My hypothesis is that a big factor of tension/tightness in the neck is poor posture and, more specifically, a forward head and associated forward-rounded shoulders.

How do we end up in such a posture? Well, 2 major culprits are this:


and this: bad-posture-620w-from-CBS-News

Despite my best efforts, I’m guilty of both. As you can see in diagram above, the more forward the head is positioned relative to the body, the heavier it pulls on stabilizing structures (i.e. the bones and muscles of the neck). The scalenes and SCMs on the front and sides of the neck spend many hours each day in a shortened state (contributing to the “tightness” we feel there). The sub occipital muscles, levator scapulae, and upper trapezius are constantly overstretched and overworked, which may be why many experience muscle spasms leading to knots and trigger points (and tightened muscles) in those areas.

And, yes, there are other causes of neck pain and tightness including stress, prior trauma, structural conditions in the vertebrae, nerve irritations, etc. but posture is the only one I’m going into now because this is a blog not a book.

Weekly Rehab Fix:  

Firstly, we are going to be mindful of our sitting and phone postures.

Secondly, here is a routine to try 1-3 times each day for the next week. Please, listen to your body as you do these activities. Pain is the body’s signal that something is not right. If you have pain with any of these, modify the range of motion to eliminate the pain or don’t do the exercise.

  1. 1-Arm Doorway Pec Stretch, 3X 30 seconds on each side
    Start with the arm against the wall, at a 90-degree angle to the body, and lean forward (keeping your head and neck in a neutral position) until a slight stretch is felt in the chest.
  2. Scalene Stretch, 3 X 30 seconds on each side
    This stretch comes from Kelly Starrett who has a youtube series called “Mobility WOD” (WOD=Workout of the Day). Place one arm behind the back. Tilt the head toward the opposite side, ear toward the shoulder, and from that position rotate the chin slightly toward the ceiling. To increase the stretch, press down gently on the tightened scalene and SCM just above the clavicle (collar bone). Follow this link  to see Kelly’s video demonstration at 2:25. He uses a band to anchor the arm behind the back. Try it that way if a band is available, but you should feel a good stretch even without the band.
  3. Levator Scapulae Stretch, 3 X 30 seconds on each side
    This is another stretch from Kelly Starrett. Place one arm overhead, bent at the elbow, as if doing the typical triceps stretch. The palm of this hand should be oriented toward the ceiling.
    Anchor the arm in this position by using a band (recommended by Kelly) or a stationary object (I place the palm of my hand against the underside of my fireplace mantle). Tilt the head toward the opposite shoulder and roll head forward until a slight stretch is felt along the back of the neck. To see Kelly’s video demonstration, click here and watch it at 3:00. Also, stay tuned into my instagram (K8IrelandActive) this week for my demonstration of the stretch. I feel this stretch very intensely, so I don’t need to apply any pressure to my head with my opposite hand. My hand also goes numb quickly in this overhead position so I only hold it for short 30 second intervals. While doing this stretch it is very important to listen to your body’s pain signals and move into and out of the stretch slowly, with caution.
  4. Small ball soft tissue work in the pecs: 1 minute each side of the chest
    Using any kind of moderately firm small ball (tennis ball, lacrosse ball, softball, racquetball), massage the chest muscles by sandwiching the ball between you and a wall and moving side to side and up and down. Make sure to focus on the area in front of the armpit where the pecs cross to the arm and the area below the clavicle (collar bone). Side Note: I try to do this exercise from the comfort and privacy of my home, especially being female.
  5. Small ball soft tissue work in the traps: 1 minute on each side of the spine
    Using the same ball as in the previous exercise, sandwich it between your upper back and the wall. Move side to side, up and down pressing against the ball to massage the area. Hug the arms across the chest to work between the scapula (shoulder blades). When you feel big “knots” or bumps in the muscles, move back and forth over them for a little bit.

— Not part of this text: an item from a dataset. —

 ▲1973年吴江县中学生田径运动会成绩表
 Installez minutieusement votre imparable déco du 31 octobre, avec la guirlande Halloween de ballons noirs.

I’m going to follow my own advice on this and perform this routine at least once a day for the next week, and I encourage you to give it a try because it only takes 13 minutes. Stay tuned into my instagram, K8IrelandActive, for videos and pictures of my progress, and please let me know if you give it a try!


January Resolutions

I don’t know about you, but I love resolutions, planning, and goals. I’m truly a goal-oriented person. I love setting goals in all areas of my life as they give me direction, focus, and a sense of purpose. I also think resolutions give us hope that the future will be a little different, a bit better in some way than the present.

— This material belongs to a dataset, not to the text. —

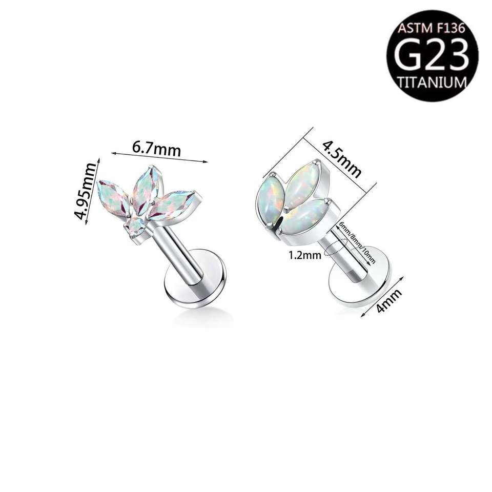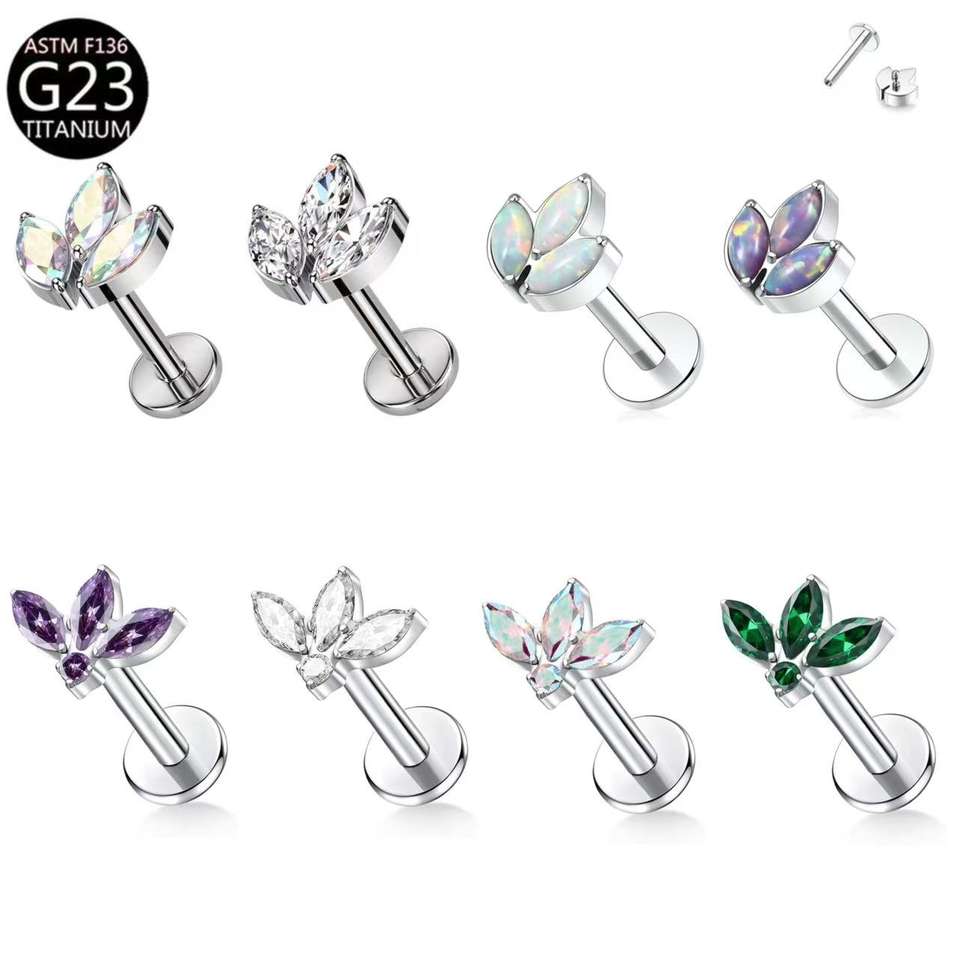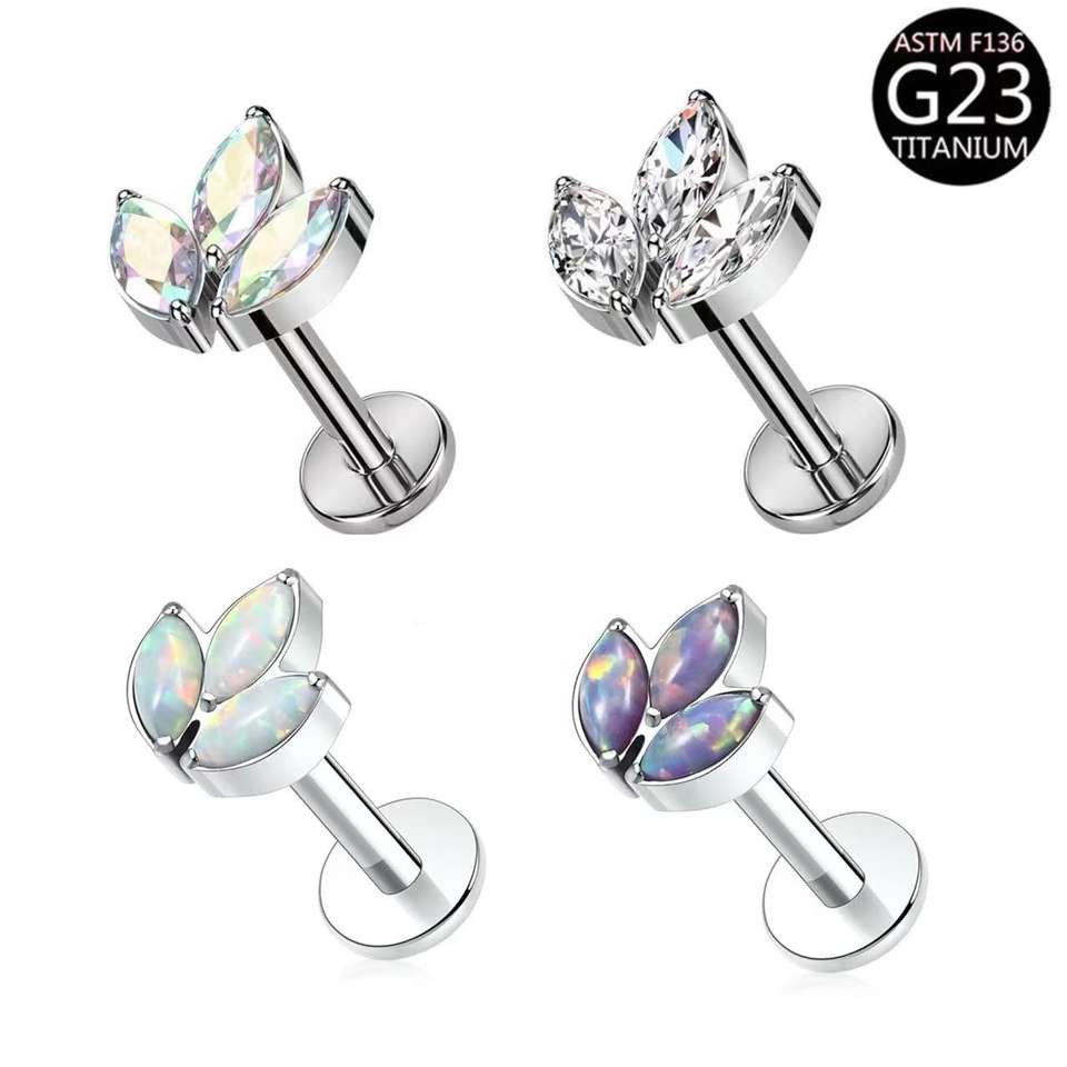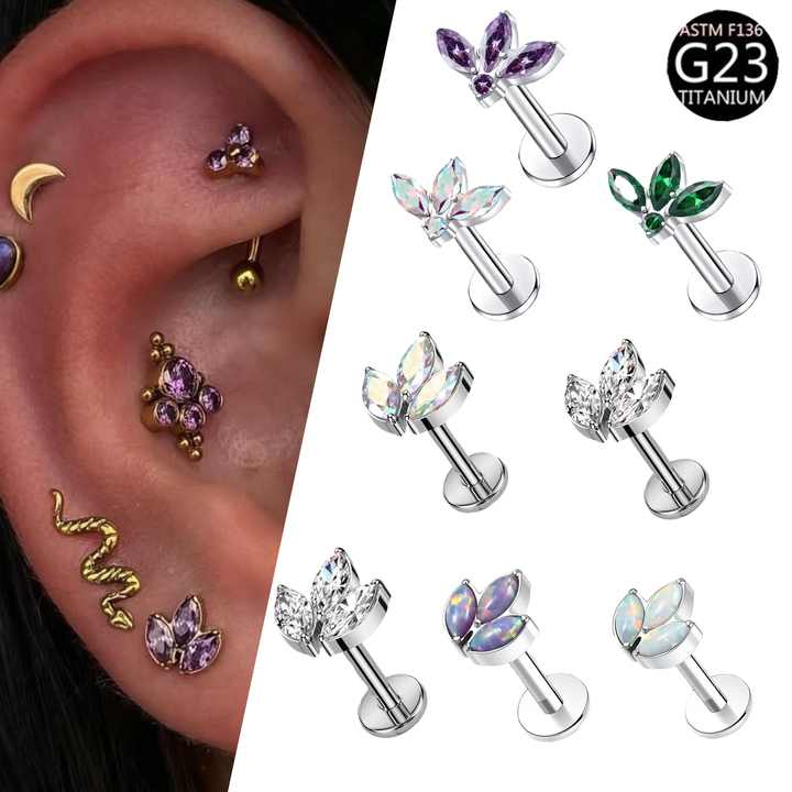 Freya ASTM-F136 Titane Zircon – Clou d'oreille pour cartilage, Labret tendance à dos plat, Bijou de piercing corporel pour femme

Sadly, however, we all know how New Years’ Resolutions tend to go: Jane sets New Years’ Resolutions, Jane tries really hard the first week or month of the year, then by March, Jane has either given up on or forgotten said resolutions, and nothing has changed. So, what can we do to set resolutions that stick? Here are 5 tips that may help.

  1. Turn your goals into systems.
    My dad introduced these concepts to me when he handed me this article by James Clear. What’s the difference between a goal and a system, you ask? To summarize, a goal is the result while the system is the process. If the goal is to write a book this year, the system could be to write 2 pages each day. I don’t know about you, but planning to write 2 pages each day sounds a lot less overwhelming than thinking about sitting down to write a whole book. I’m also a lot more likely to procrastinate a big endeavor like writing a book than the little task of writing a few pages. Lastly, in focusing on the system, every day has the potential to be deemed a success. In focusing on systems, we commit ourselves to a process, not an end result, which  reduces stress over the outcome, produces more chances for success, eliminates the need for immediate gratification,  and enhances our enjoyment of all the moments along the way.
  2. Plan small changes.
    With a new year comes the desire to make a fresh start with drastic lifestyle changes.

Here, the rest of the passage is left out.